You just completed induction on a TKA patient w/ hx of DM, OA, & CAD using Propofol, Vecuronium, & Fentanyl. Pt is intubated on Sevo ET 3%. BP 70/30 HR 54. What is your first intervention?
- ↓ vaporizer: it’s closest & quickest
- Give Ephedrine and/or IVF
Per lecture, what are the 2 pressor(s) of choice for hypotension in CAD patients (place in order)?
- Ephedrine
- Phenylephrine
β-agonist won’t work if fully βeta blocked. You have to give an _____________ agonist.
𝜶lpha agonist
During maintanence phase: BP 80/42 HR 92. In addition to an IVF bolus, what is the drug of choice?
- Phenylephrine
- ↑ SVR = ↑ BP without causing tachycardia
Pt with hx of uterine cancer and takes ACEIs at home becomes hypotensive and does not respond to Ephedrine pushes x3. What are the next 2 steps?
- IVFs, Vasopressin
- Vasopressin is a good option for patients already on ACEIs
Formula to find MAP:
SBP + (2 * DBP) / 3
Per lecture, which drugs are considered vasodilators?
- Nitrates (ie: Nitroglycerin)
- Sodium Nitroprusside
- Minoxidil
- Hydralazine
How does Nitric Oxide cause vasodilation?
- NO → GC → cGMP → Ca⁺⁺ entry inhibited into smooth muscle → increased uptake in SR
Which processes are NO involved in? (6)
- Cardiovascular tone relaxation
- Plt regulation
- CNS neurotransmitter
- GI smooth muscle relaxation
- Immune moduation
- Pulmomary Artery Vasodilation
Nitro- vasodilators MOA:
- ↓ Systemic BP by:
- ↓ SVR: arterial vasodilators treat effects of vasoconstriction
- ↓ Venous Return: venous vasodilators alleviate pulmonary/systemic congestion
How can nitro-vasodilators alleviate pulmonary congestion?

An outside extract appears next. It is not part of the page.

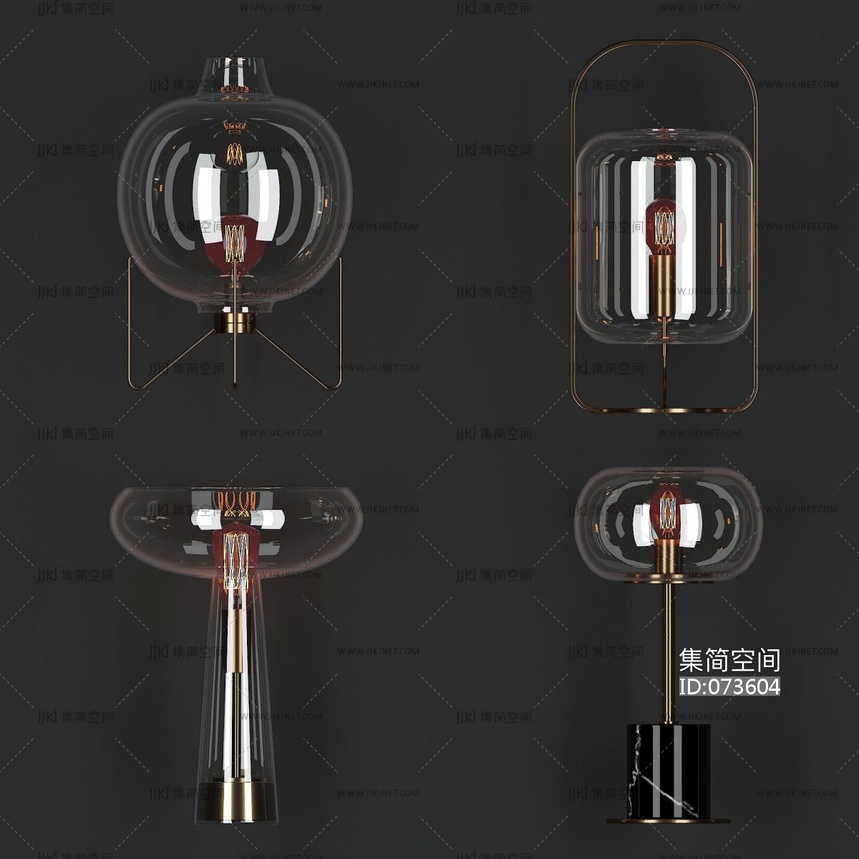中古风台灯装饰灯灯具,台灯3d模型下载

- By decreasing venous return via venodilation
What vasodilator absolutely requires continuous monitoring and an invasive arterial line monitoring?
Sodium Nitroprusside
Sodium Nitroprusside: MOA
- Relaxation of arterial and venous vascular smooth muscle
What does Nitroprusside dissociate on contact with?
- What is the result?
- Dissociates immediately on contact with oxyhemoglobin → methemoglobin, NO, and cyanide released.
- cyanide toxicity risk
What is the dose of Nitroprusside?
- onset?
- duration?
- Initial 0.3 mcg/kg/min
- Max: 2 mcg/kg/min
Duration: INSTANT transient onset
When is Sodium Nitroprusside (SNP) used?
- Controlled Hypotension: Aortic, Spine, Pheochromocytoma
- Hypertensive emergencies & Carotid sx (CEA)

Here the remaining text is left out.